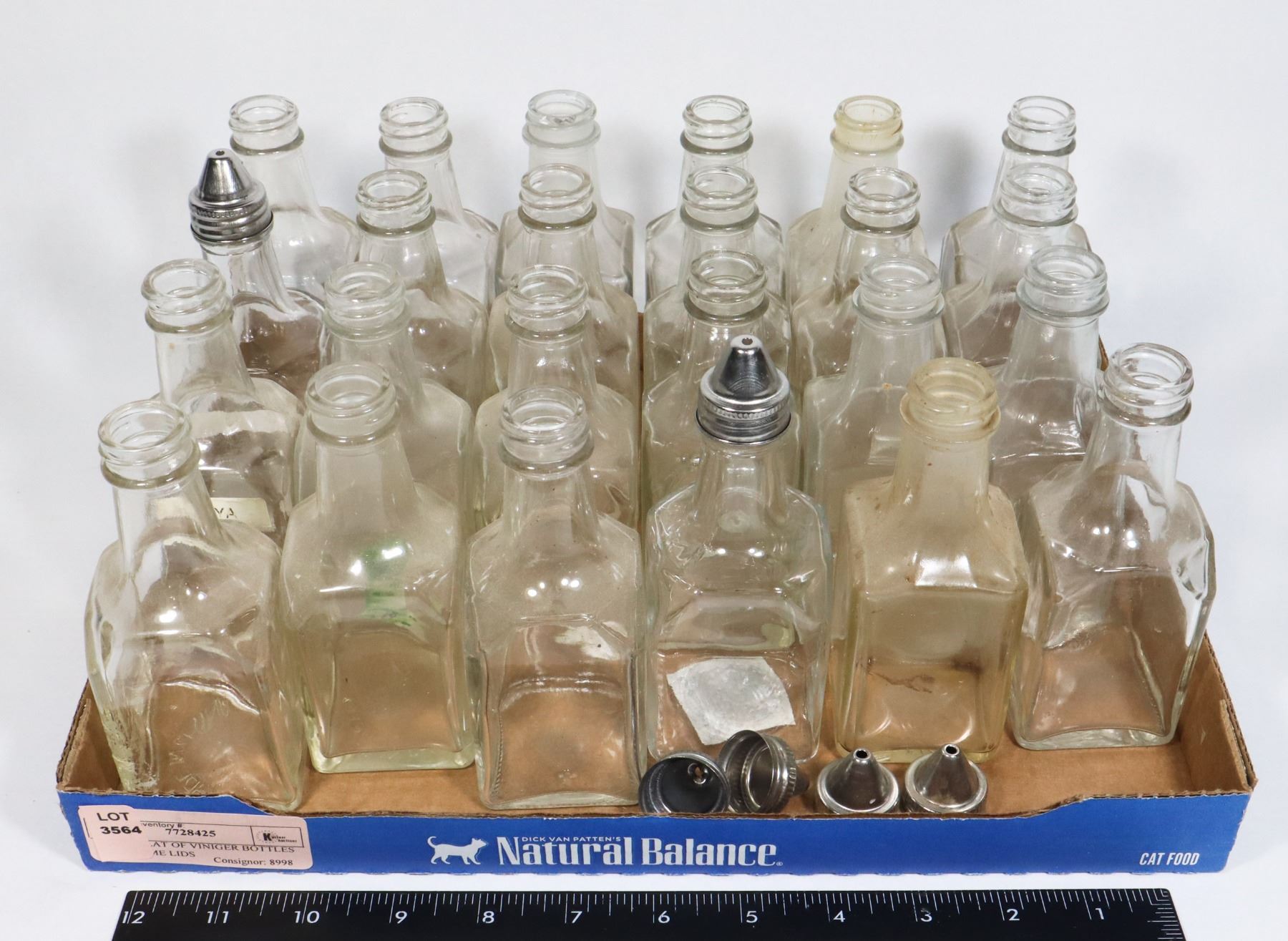 LARGE FLAT OF VINEGAR BOTTLES WITH SOME LIDS
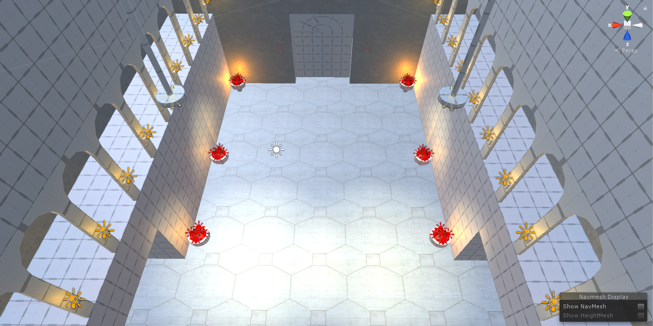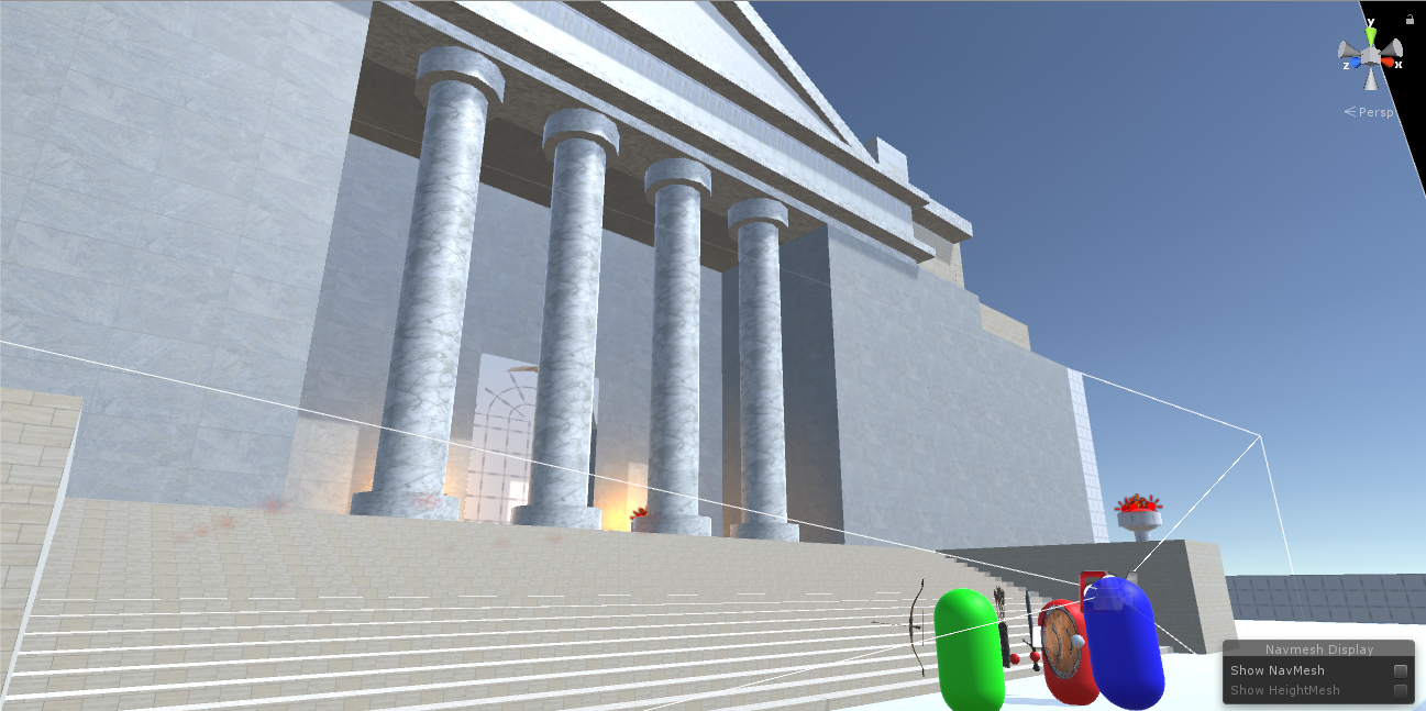 I personally touched quite a few parts of the design and documentation, but I would say that my biggest piece of work was in systems and level design. I spent a lot of time making the various interactions in the game talk to one another, the enemies, and the players as needed. Some examples of this were a series of disappearing walls and traps that would appear or disappear based on distance from the player or other interactions. You could make them appear through other means such as shooting an arrow at them to make it visible for a short time. As well, I tested some other mechanics like a chasing boulder system that would follow the player through an area with a rubber-banded feature so that you could not outrun it too much. It would speed up the farther away you were from it.
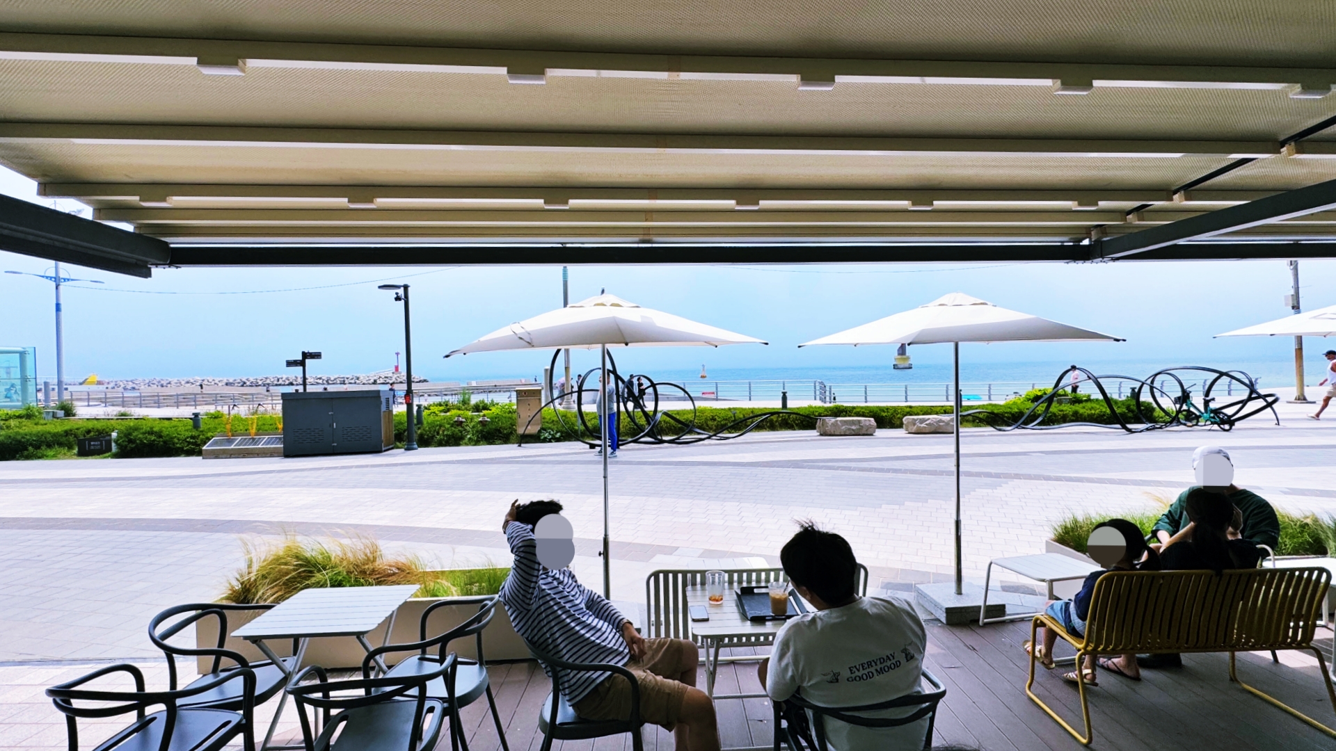 '파스쿠찌 에스프레소바 해운대엘시티점'의 매력은 해운대 비치 뷰. 해운대 비치 뷰를 잘 즐길 수 있도록 야외 테라스에도 테이블들이 배치되어 있는데 대부분의 손님들이 이 야외 테이블을 선호. 차양막이 있어 햇빛을 가려줄 뿐만 아니라 에이컨은 없어도 시원한 바닷바람이 솔솔 불어와 덥지도 않다. 야외 테이블에 앉아 에스프레소 커피 한잔을 하면서 해운대 해수욕장의 아름다운 해변뷰를 감상하다보면 시간가는 줄 모른다.
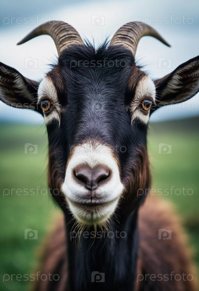 Черно-белая коза стоит на лесной поляне, ее любопытное выражение и отличительные рога ловят свет.Окружающая зелень улучшает спокойную атмосферу того момента.Генеративный ИИ
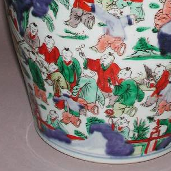 细节:罐身和盖子上满饰婴戏纹,描绘了众多孩童嬉戏玩耍的场景,有的放风筝,有的斗蟋蟀,有的读书,有的嬉戏打闹,形态各异,天真可爱。周围衬以树木、山石、花卉、亭台楼阁等元素,丰富了画面的层次感。纹饰绘制精细,人物表情生动,色彩搭配和谐,体现了明代工匠高超的绘画技艺。器物表面有一些细微的磨损、小的磕痕以及釉面剥落现象,显示出其经历了长时间的流传。
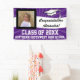 Grape purple and white high school or college colours. Big giant yard sign or indoor/outdoor banner, Congratulations to the graduate of the class of (your year). Customize this personalized yard banner sign with your graduate's photo, name, year and school or other custom text. Personalized outdoor or indoor graduation party sign banner with your graduate's year, name, high school. Spectacular way to congratulate the graduate and welcome family and guests to your graduation party .
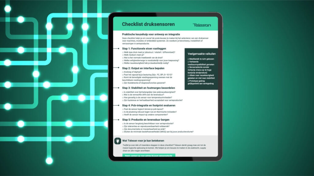 Praktische keuzehulp om vooraf de juiste keuzes te maken bij het selecteren van een druksensor.
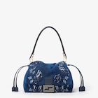 플록 텍스처의 블루 컬러 데님 소재. 털실, 비즈, 시퀸 소재 버터플라이 자수 장식. FF 클래스프, 다크 블루 컬러 가죽 인서트 장식.
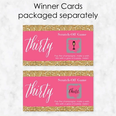 Chic 30th Birthday – Pink and Gold Scratch-Off Cards INCLUDES 22 birthday party game cards: 20 “loser” cards and 2 “winner” cards. FUN PARTY GAME: Chic 30th Birthday – Pink and Gold scratch-off cards will be enjoyed by birthday party guests of all ages. Each game card measures 2.75″ tall x 4.75″ wide. Winner and loser game cards are packaged separately so it is easy to pre-select the game winners if you choose. 3 WAYS TO PLAY: Simple – Greet guests as they arrive and hand them a scratch-off card. Quick – Display one scratch-off card at each place setting and have guests play before eating. Favorite – Give scratch-off cards out as mini prizes during other party games. The winning scratch off card(s) gets a grand prize. HIGH-QUALITY PARTY SUPPLIES: Chic 30th Birthday – Pink and Gold Scratch-Off Cards are professionally printed on heavy-duty cardstock paper with a photo-like shine. They are individually inspected and carefully packaged by hand, with winner cards and loser cards clearly marked. This fun birthday party game will arrive ready to use at your party. MADE IN THE USA: Chic 30th Birthday – Pink, Black and Gold – Birthday Party Game Scratch Off Cards are designed and manufactured at our Wisconsin facility using materials that are Made in the USA. Chic 30th Birthday – Pink and Gold scratch off game cards use a No-Mess Glitter Print: Our games are designed with a printed image of glitter, eliminating glitter flake while maximizing bling effect!
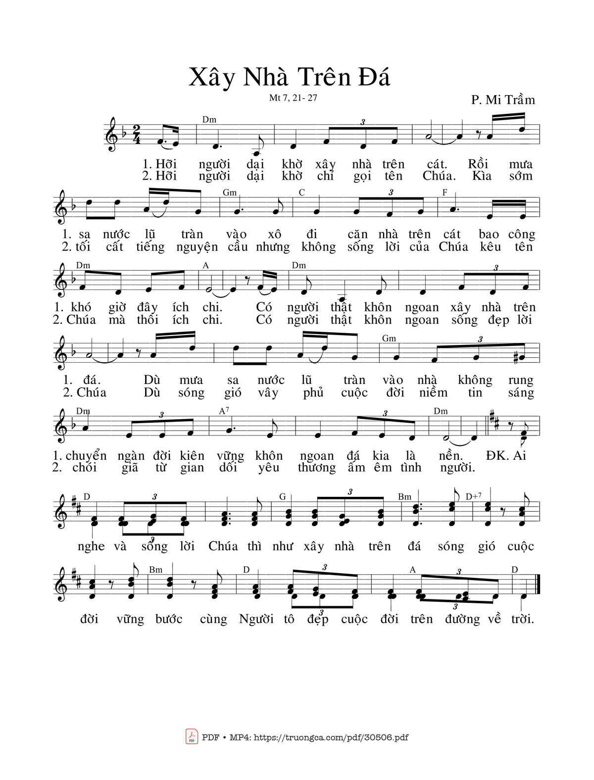 Sheet nhạc có nốt Xây Nhà Trên Đá của nhạc sĩ Mi Trầm và file PDF nốt nhạc đăng lên đây nhằm giúp các bạn xướng âm cho đúng nốt và hát thêm hay, chỉ mang tính chất tham khảo, không có mục đích thương mại. Bản quyền thuộc về tác giả và tổ chức nắm bản quyền, Truongca.com không giữ bất kỳ bản quyền của nội dung nào cả. Các bạn có thể tải về bản PDF chất lượng cao, gồm khuông nhạc có nốt với đường link file PDF bên trên.
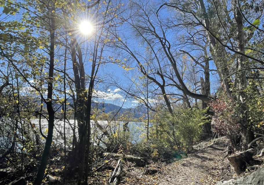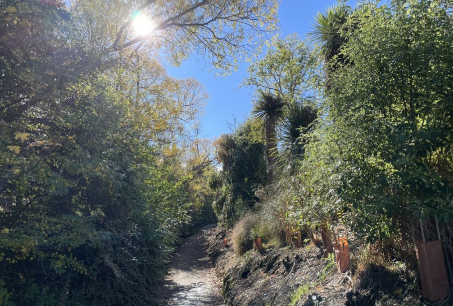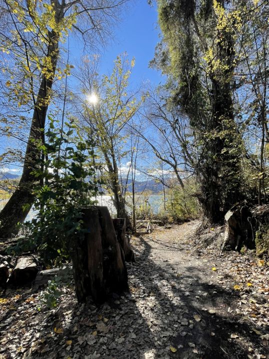 The sun is trying to break through the leaves and the trail is close to the shore of Lake Hayes.
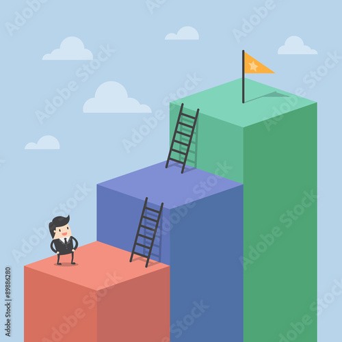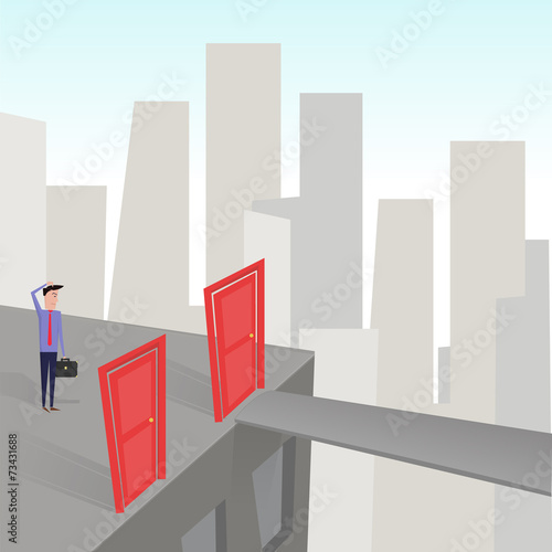 Vektorová ilustrace podnikatele stojícího na schodech před otevřenými dveřmi. Nové příležitosti a kariérní růst v obchodním konceptu plochý styl designu.

============

— Task item —
The answer should consist only of the lines above from the one with "플록 텍스처의 블루 컬러" through the one with "Chic 30th Birthday – Pink and Gold Scratch-Off Cards INCLUDES", repeated exactly, with no pictures among them.

— Task result —
 플록 텍스처의 블루 컬러 데님 소재. 털실, 비즈, 시퀸 소재 버터플라이 자수 장식. FF 클래스프, 다크 블루 컬러 가죽 인서트 장식.
 Chic 30th Birthday – Pink and Gold Scratch-Off Cards INCLUDES 22 birthday party game cards: 20 “loser” cards and 2 “winner” cards. FUN PARTY GAME: Chic 30th Birthday – Pink and Gold scratch-off cards will be enjoyed by birthday party guests of all ages. Each game card measures 2.75″ tall x 4.75″ wide. Winner and loser game cards are packaged separately so it is easy to pre-select the game winners if you choose. 3 WAYS TO PLAY: Simple – Greet guests as they arrive and hand them a scratch-off card. Quick – Display one scratch-off card at each place setting and have guests play before eating. Favorite – Give scratch-off cards out as mini prizes during other party games. The winning scratch off card(s) gets a grand prize. HIGH-QUALITY PARTY SUPPLIES: Chic 30th Birthday – Pink and Gold Scratch-Off Cards are professionally printed on heavy-duty cardstock paper with a photo-like shine. They are individually inspected and carefully packaged by hand, with winner cards and loser cards clearly marked. This fun birthday party game will arrive ready to use at your party. MADE IN THE USA: Chic 30th Birthday – Pink, Black and Gold – Birthday Party Game Scratch Off Cards are designed and manufactured at our Wisconsin facility using materials that are Made in the USA. Chic 30th Birthday – Pink and Gold scratch off game cards use a No-Mess Glitter Print: Our games are designed with a printed image of glitter, eliminating glitter flake while maximizing bling effect!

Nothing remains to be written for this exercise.